Post 9/11 especially, we have given up so much freedom already, in the name of security.  It should count for something we can point to, and say: For this, we made a sacrifice.  We all chose to willingly give up a little something, so that everyone else could have their fair share.  We already do it every time we stop at a traffic light, and wait for the other guy to, as the Declaration of Independence names it, “pursue [his] happiness.”  It’s not total freedom.  It’s what the Founders who wrote the U.S. Constitution–yes, the same ones who called it a human right to bear arms–called Liberty.  A restriction on freedom, to protect the greater good.   When people–regular people–say “Freedom isn’t free,” what they really mean is that, by its nature, liberty isn’t free.  You earn it.  WE earn it.  By deciding what’s really most important, and letting the rest go.

You wanna Choose Life for another person?  Turn off the BS screens and the rhetoric and the class-loyalty and race-loyalty and party-loyalty long enough to realize that choosing bullets is not even close to Choosing Life.

Call to Action: What can we do?

I’d like to lay it at all at the feet of the lawmakers, but I don’t have the heart to do it anymore.  They’re clearly not able.  They need our help.  Not just Democrats, not just Republicans, or Indies, or non-party members.  ALL OF US.
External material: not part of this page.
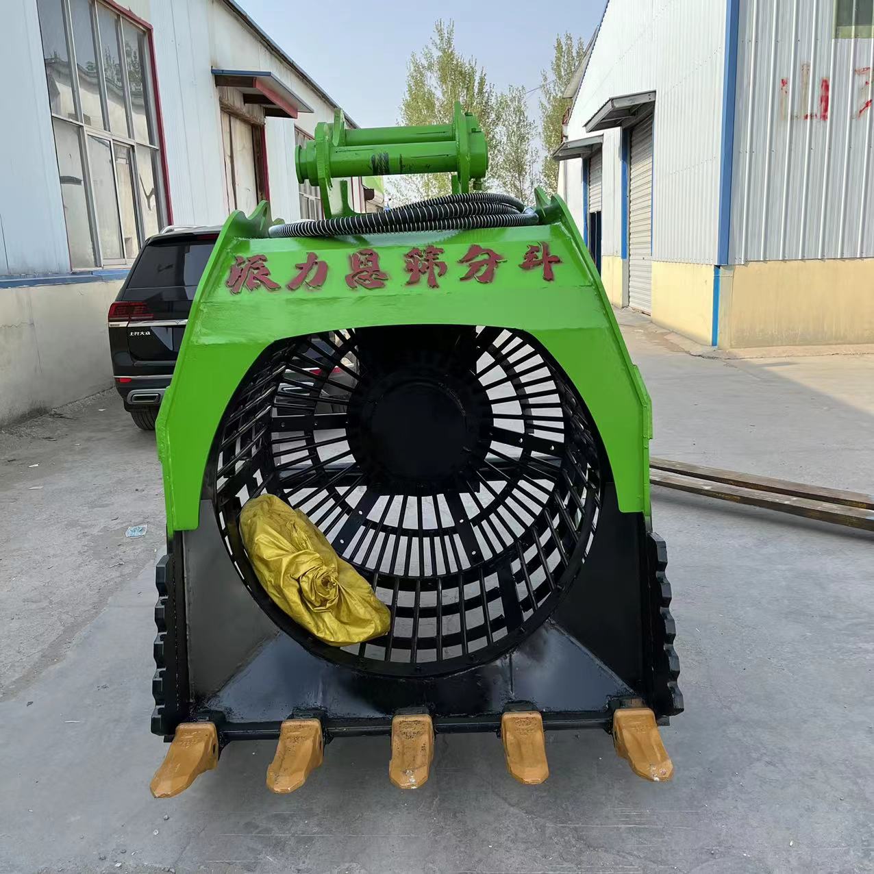 挖掘机筛分斗是安装在挖机上面筛分的一款设备,它可以用来沙石分离、管道回填、河沙卵石清洗、土石分离、建筑垃圾筛分等。液压马达驱动,360度旋转,干筛水洗均可。适用范围广,网格大小支持定制,筛网可以更换,移动方便。I855*345IZZ7

We need to hold Congress accountable.  To do their jobs.  To represent us.

We need to reconsider what’s more important: loyalty, or life.

I swear I will go out and change my party affiliation for this.  Because crap is crap, no matter what name it calls itself by.

As election time approaches, and politicians start sending mailings and shaking hands and kissing babies, you wait, because someone is going to come to you for a vote, from Dog Catcher to President.  Liberal or Conservative, shake their hand in a gesture of peace, and then challenge them with a direct question:

What are you DOING about gun violence? At your level?  NOW?

No promises, no plans or visions.  ACTION.

Any equivocation should be met with a single response:  You will not have my vote on election day without a clear ACTION LIST, not a PROMISE, for what you are contributing to the elimination of gun violence in America.  And if your opponent, of whatever party–Republican, Democrat, Indie, Green, Blue or Pink–has one that’s better, s/he WILL get my vote.

Then watch something happen. . .because, as a wise American once wrote, No matter how small the beginning, something once well-done, is done forever.